Small cell carcinoma of the lung and large cell neuroendocrine carcinoma interobserver variability
ABSTRACT To test the hypothesis that the published morphological criteria permit reliable segregation of small cell carcinoma of the lung (SCLC) and large cell neuroendocrine carcinoma (LCNEC) cases by determining the interobserver variation.

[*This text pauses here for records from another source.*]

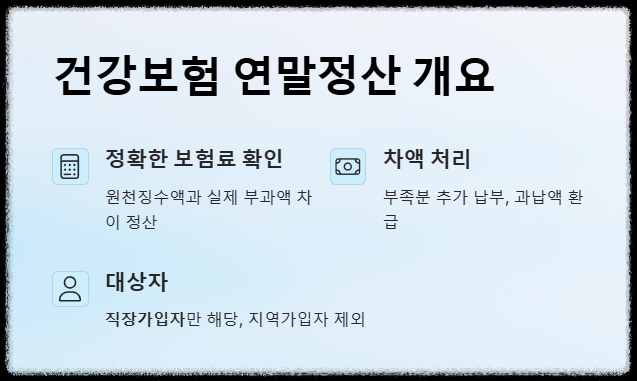 건강보험 연말정산은 직장가입자의 건강보험료가 정확하게 부과되었는지를 확인하고 차액을 정산하는 절차입니다. 연중 월급에서 원천징수한 건강보험료와 실제 부과해야 할 보험료에 차이가 발생하면, 이를 정산해 추가 납부하거나 환급받게 됩니다.
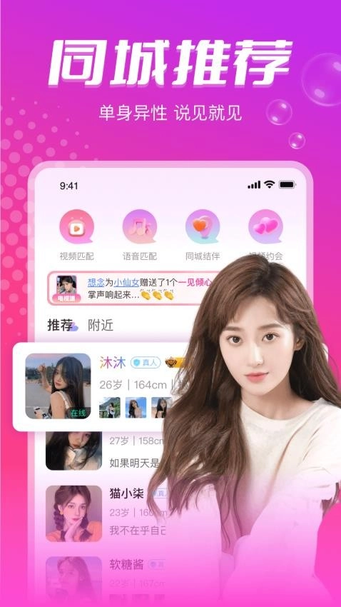 快速发现身边的有缘人,一分钟拉进彼此距离;邂逅同城附近单身异性。来一场别具一格的同城约会。
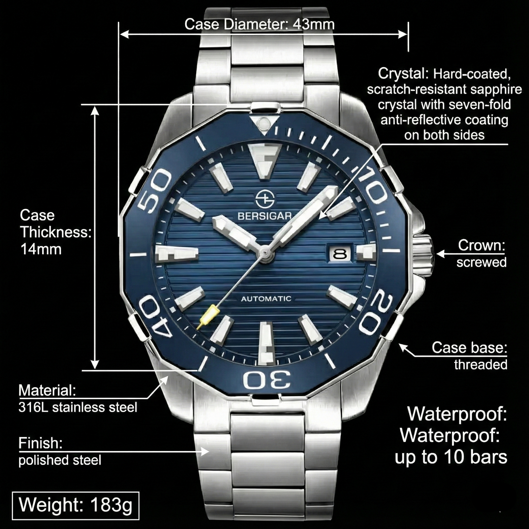 Water resistant to 100 m (330 ft), In general, suitable for professional marine activity and serious surface water sports, but not scuba diving, The crown would need to be pushed in and then screwed down in order to protect the watch from water damage
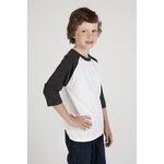 Crew neck, ¾ length raglan sleeves, curved tails
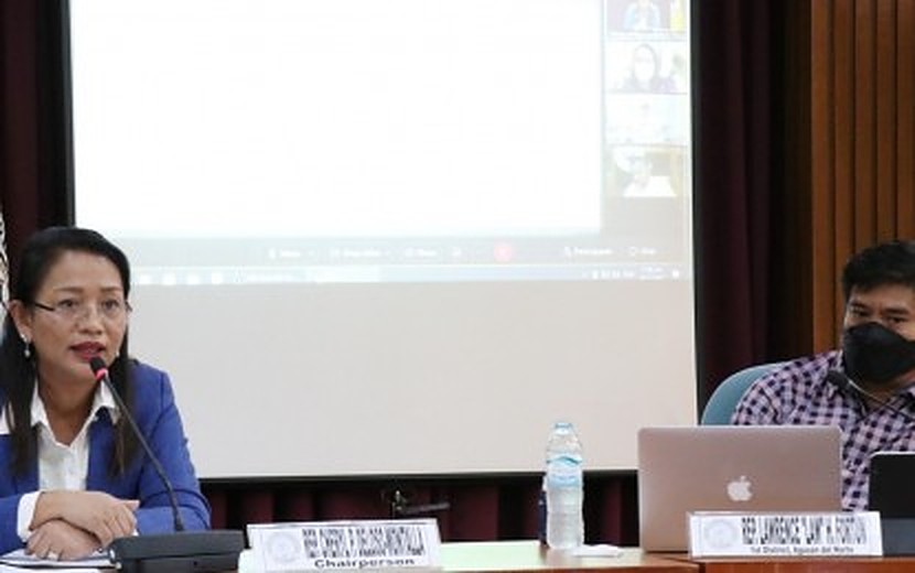 The congressional bicameral conference committee on Wednesday (Nov. 24, 2021) approves a measure raising the age of statutory rape from the current 12 years old to 16 years old to protect young people from sexual exploitation and abuse. Zambales Rep. Cheryl Deloso-Montalla (left) presided over the meeting as head of the House contingent. (Photo courtesy of House Press and Public Affairs Bureau via PNA)
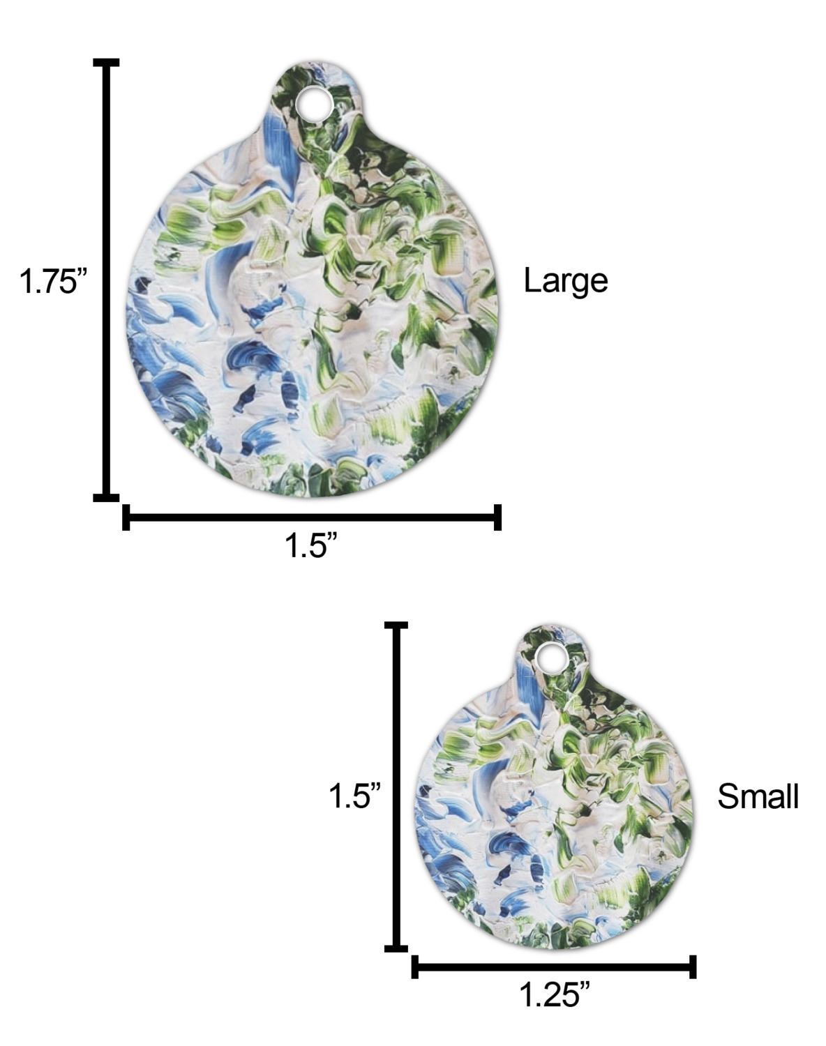 Go ahead; skip the monotony of plain pet ID tags with your very own, customized & personalized, round pet tag! This pet ID tag, fitting for both cats and dogs, will catch the eye of any onlooker (humans, canines, and felines, alike!) and accentuate your pet's individual personality.
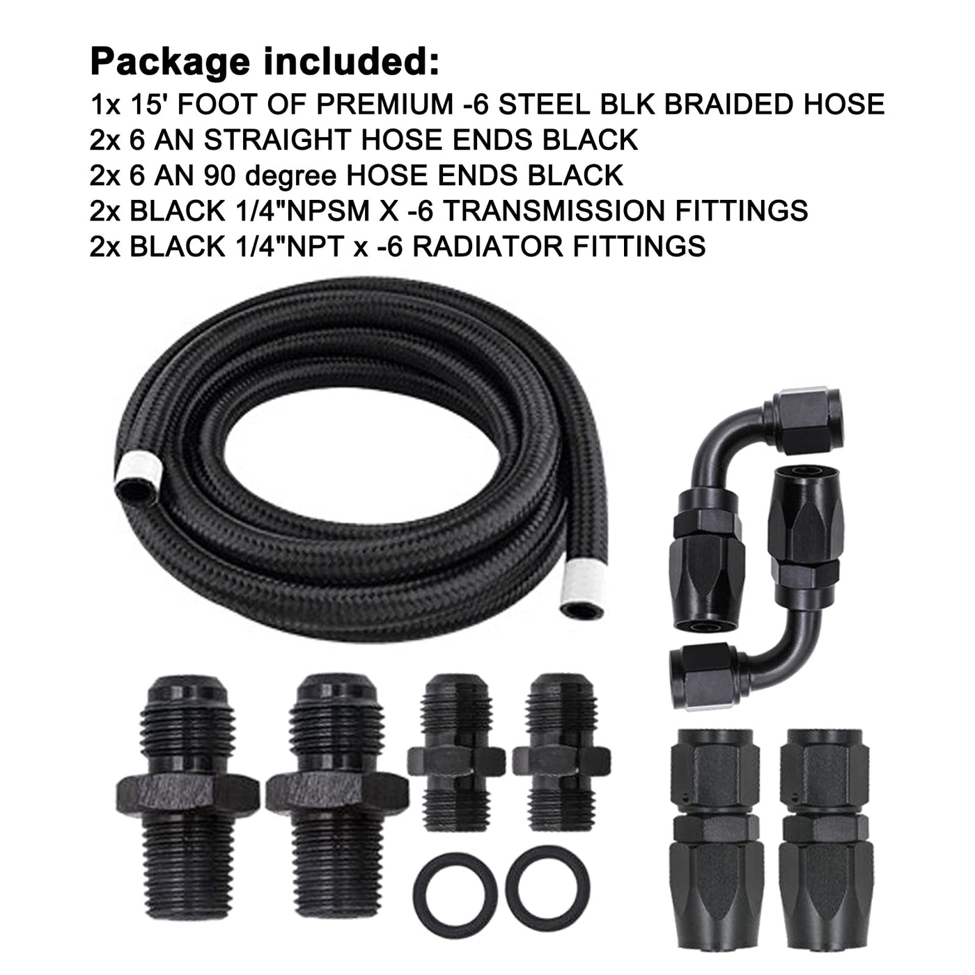 Autoutfit An6 15Ft Automatic Transmission Cooler Line Kit For 4L60E 4L65E - Black Nylon Braided Hose Kit
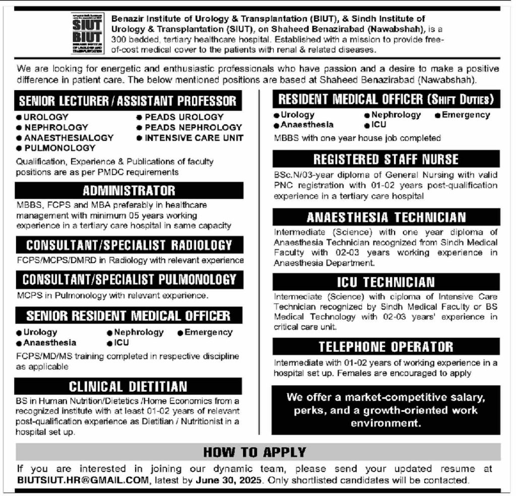 Sindh Institute of Urology and Transplantation (SIUT), Karachi, invites applications for the following positions as advertised in the Dawn Newspaper on 16 June, 2025:
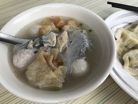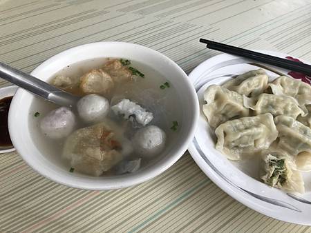 火車抵達台南後就搭公車往南門路, 想先找家魚店吃魚, 如果真沒有就直接到巧克原點啦, 在開山路下車沿著去巧克原點(孔廟)路上看到好大的虱目魚招牌, 而且人很多, 再看不貴, 好 就這一家, 而且還有虱目魚水餃, 這太有趣了
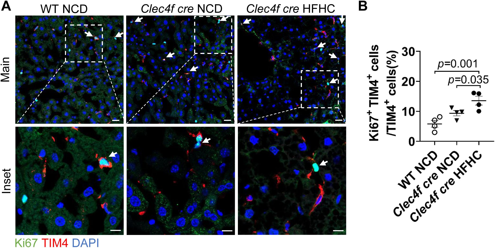 ). Considering the potential recruitment of MoMFs into the liver, some of which may acquire KCs features, including TIM4 and Clec4f expression
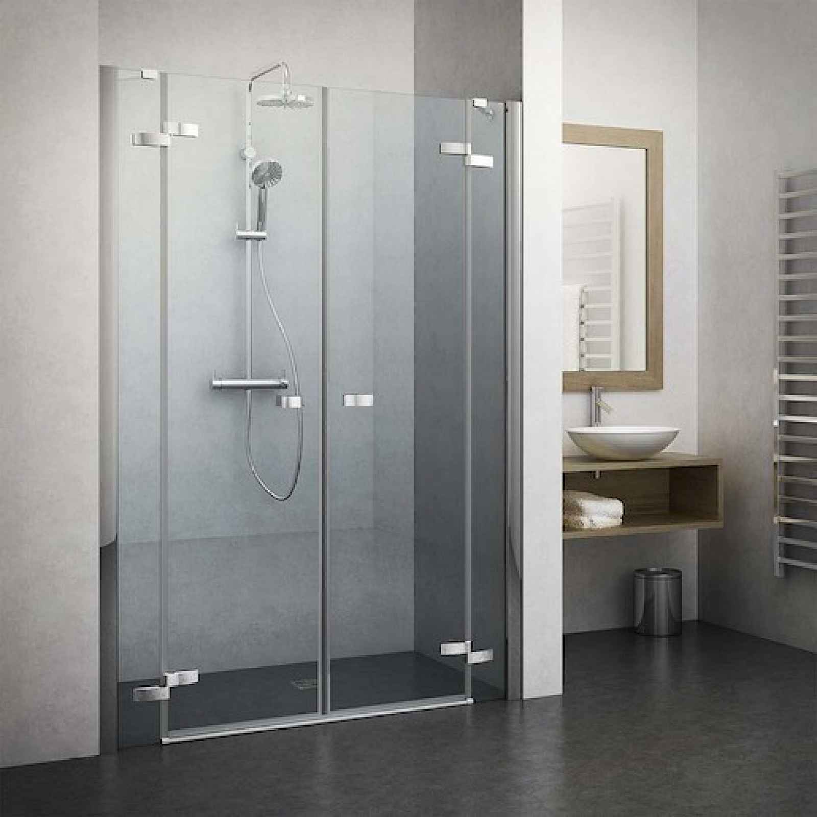 Sprchové dveře bez vaničky s profilem v lesklém chromu a výplní z čirého skla s dekorem transparent. S povrchovou úpravou RothETC je sklo chráněno před usazováním všech nečistot a jeho údržba je snadnější než kdy dřív. Otočný systém otevírání. Levá i pravá orientace.
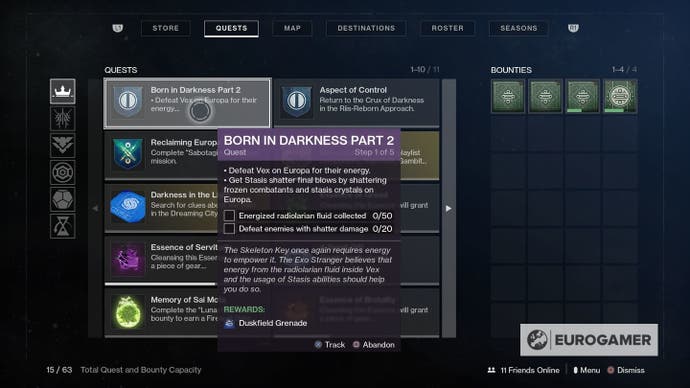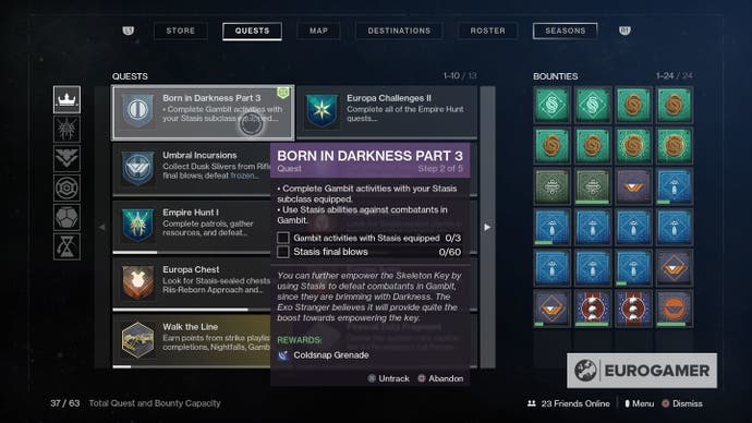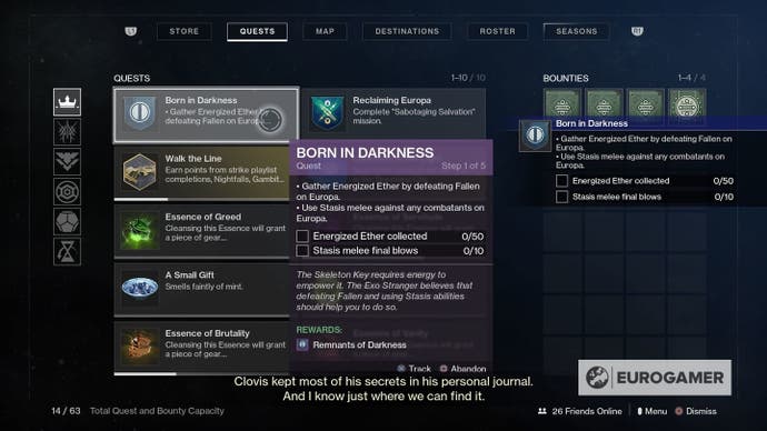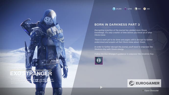 Das geborene in Darkness Quest ist in mehrere Teile unterteilt, wobei jeweils derselben Struktur folgt. Auf diese Weise spielen Sie Aktivitäten wie Streiks und Gambit, während Sie sich mit Ihren Stasis -Fähigkeiten wohler fühlen.
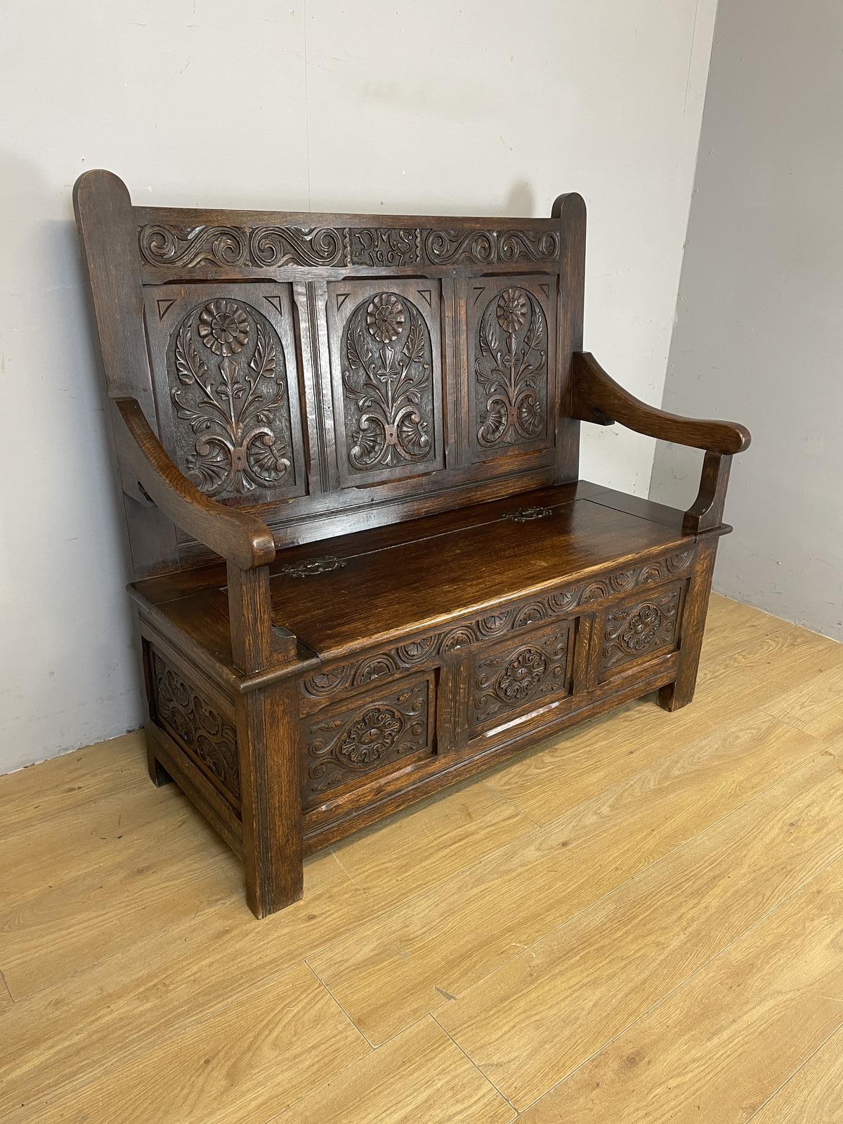 Arts & Crafts Solid Oak Carved Box Settle Dated 1907
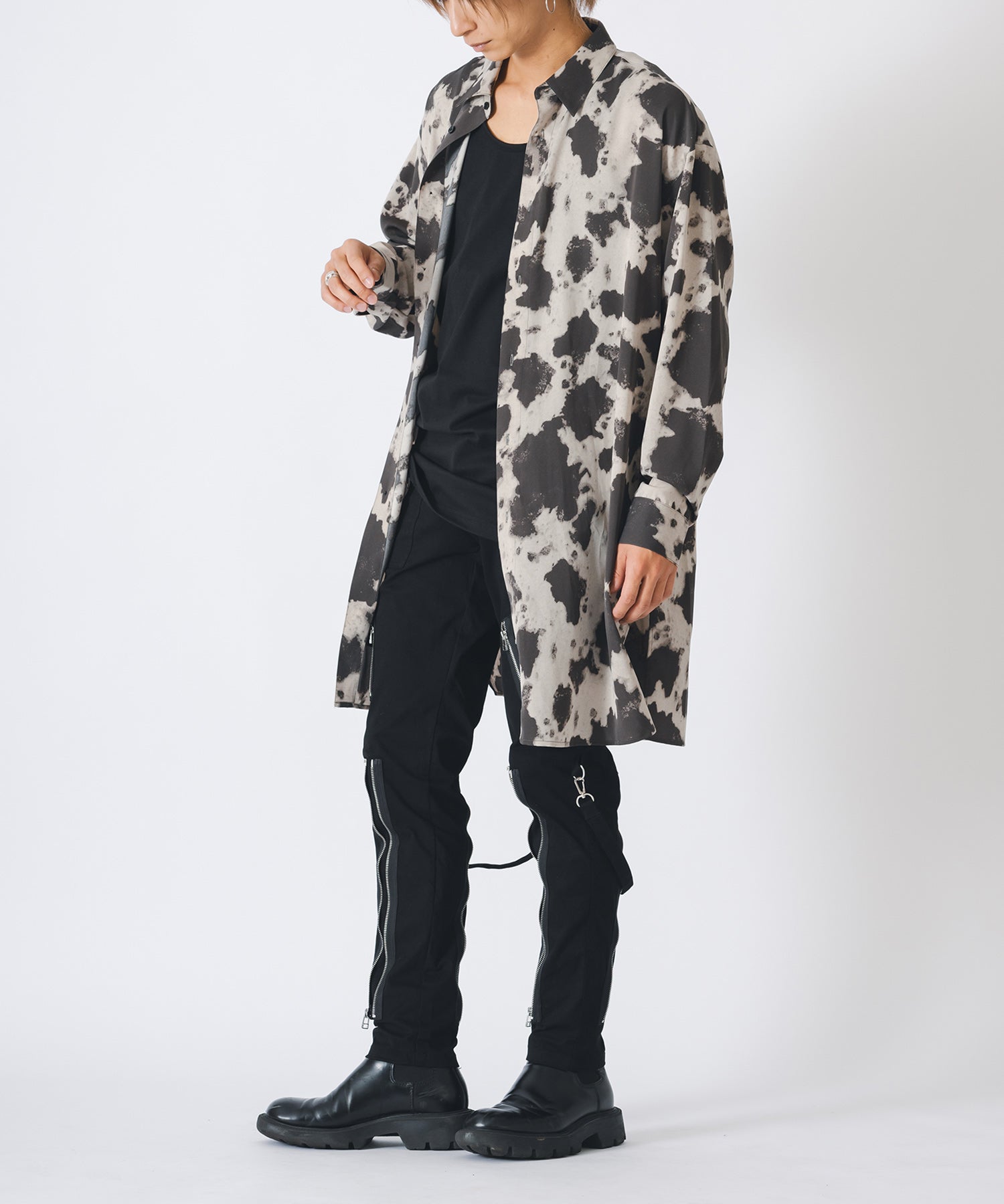 ムラになったプリントがカジュアルさを醸し出すと同時に、長い着丈を間延びさせない効果を高めています。
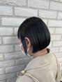 ミニボブとインナーカラーを組み合わせた相性抜群スタイルです!インナーカラーにネイビーブルーをいれることで長持ち&大人っぽい可愛さをプラスします♪特殊カラーもご相談ください。
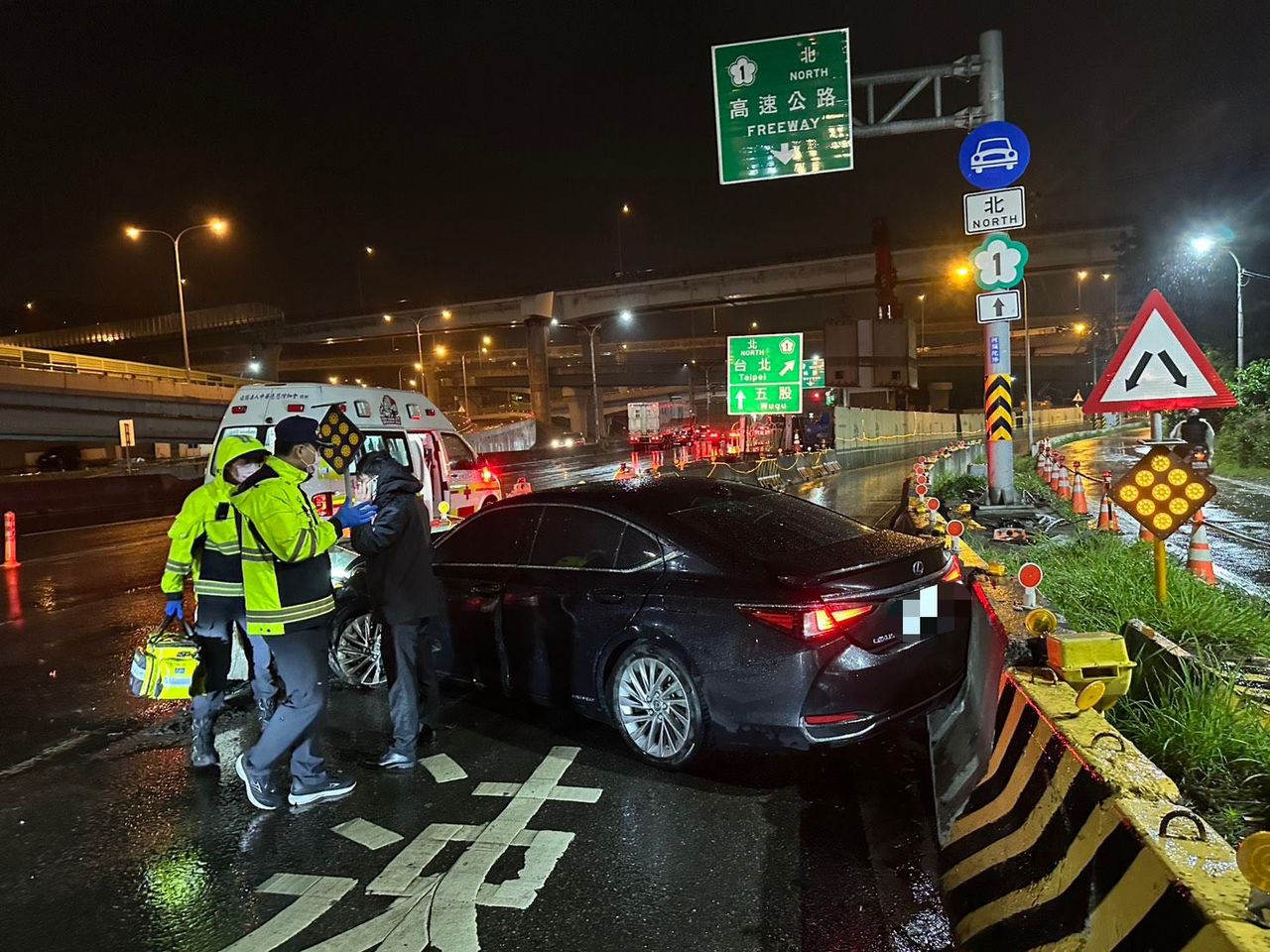 【記者曾佳俊/新北報導】新北市五股區今(10)日凌晨發生一起自撞車禍,一名專職機場接送的30歲潘姓男子,駕車行經五股交流道北上入口匝道時,疑因天雨路滑不慎自撞分隔島,車輛隨後打橫卡在匝道口,一度影響車輛進出,所幸潘男僅四肢擦挫傷,送醫治療後並無大礙,目前已出院返家休養。

One hundred and seventy cases of SCLC, LCNEC and cases diagnosed as neuroendocrine lung carcinoma before LCNEC had been established as a diagnostic category were retrieved from the archives of the assessor's institutes. A representative haematoxylin and eosin section from each case was selected for review. Batches of cases were circulated among nine pathologists with a special interest in pulmonary pathology. Participants were asked to classify the cases histologically according to the 2004 World Health Organization (WHO) criteria. The diagnoses were collected and kappa values calculated. Unanimity of diagnosis was achieved for only 20 cases; a majority diagnosis was reached for 115 cases. In 35 cases no consensus diagnosis could be reached. There was striking variability amongst assessors in diagnosing SCLC and LCNEC. The overall level of agreement for all cases included in this study was fair (kappa=0.40).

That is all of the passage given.